Stripe-wear patterns can be readily visualized with reference to THA models and video simulations from La Pitié-Salpêtrière University Hospital (LPUH) that accompany this report (Appendix). Hip range-of-motion (ROM) is blocked when the cup impinges against the femoral neck (Figure 2(a), Figure 2(c)). Our 36 mm COC impingement model (Figure 3) simulates cup-rim profiles across the head for various hip positions. The 10 mm neck provides a head:neck ratio of 3.6, with the ROM-algorithm predicting 148˚ of motion (Figure 2(d)). From a lateral view of posterior-impingement (Figure 3(a), Figure 3(b)), the black stripe begins at the posterolateral margin and traversing anteriorly crosses the polar region (MWZ) in the anteromedial quadrant to meet tangentially with the polar-circle (Figure 3(c): PC). The stripe in this model has a 16.1˚ inclination (see Figure 2(c): CIA). Crossing the MWZ (Figure 3(d)), the black stripe re-enters the posterior quadrant and traverses in posteroinferior direction. For comparison, the red stripe (Figure 3(d)) represents cup profile with impingement in hip flexion. These stripes are mirror images due to lack of simulated anatomy and component positioning.

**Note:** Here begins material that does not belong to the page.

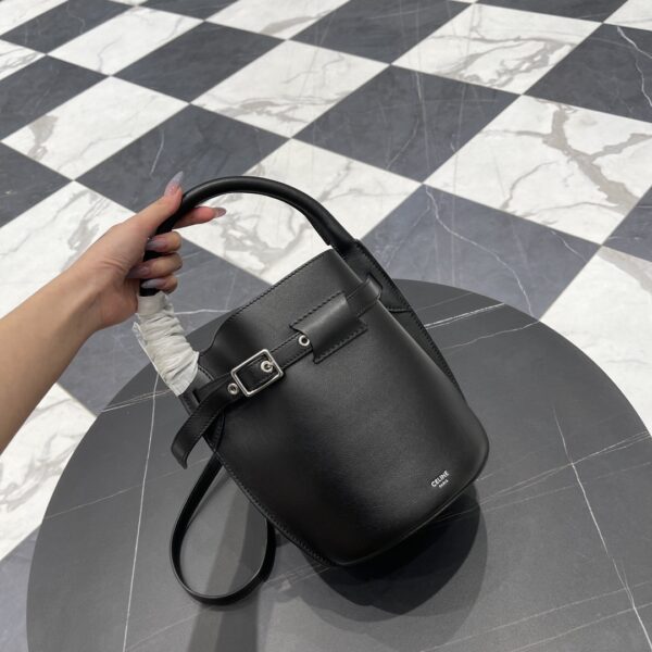 부드러운 소가죽으로 제작된 셀린느의 빅 백 버킷 나노입니다.

A realistic assessment of THA impingement is available in video downloads from LPUH (Appendix). The videos depict anatomical component positioning in “functional-standing” and “functional-sitting” postures. In video-1, the femoral-head and neck represent a THA (left hip-joint) with green and purple head quadrants signifying anterosuperior and anteroinferior facets, respectively. The femoral neck is a gray cylindrical representation that allows for both THA (15˚ anteversion, head-neck ratio 2.5) and RA designs. The 1^st video segment depicts frontal and lateral views of cup on left and right sides of the screen, respectively. Hip abduction of 36˚ is depicted in a “functional-standing” posture. With hip-extension, the femoral neck impinges on the posteroinferior cup rim (lateral view), creating edge-loading on its posterior facet. Note the black stripe appearing at the contra-rim site indicating anterosuperior edge-loading on the head.

The 2^nd segment of video-1 also in functional-standing posture depicts posterior impingement from the perspective of inferior and superior cup views (left and right sides of screen, respectively). As before, the inferior view shows neck impingement on the posteroinferior cup rim and the black head stripe traverses from posteroinferior to anterosuperior.

Video-2 depicts “functional-sitting” posture showing the same two segments and pelvic views as video-1. In hip flexion, the neck impinges on the anterosuperior cup rim creating edge-loading on its anterior facet. Note the red stripe representing cup-rim profile corresponding to posteroinferior edge-loading on the head. This stripe corresponds to the red retroverted stripe depicted in the 36mm THA impingement model (Figure 3(d)).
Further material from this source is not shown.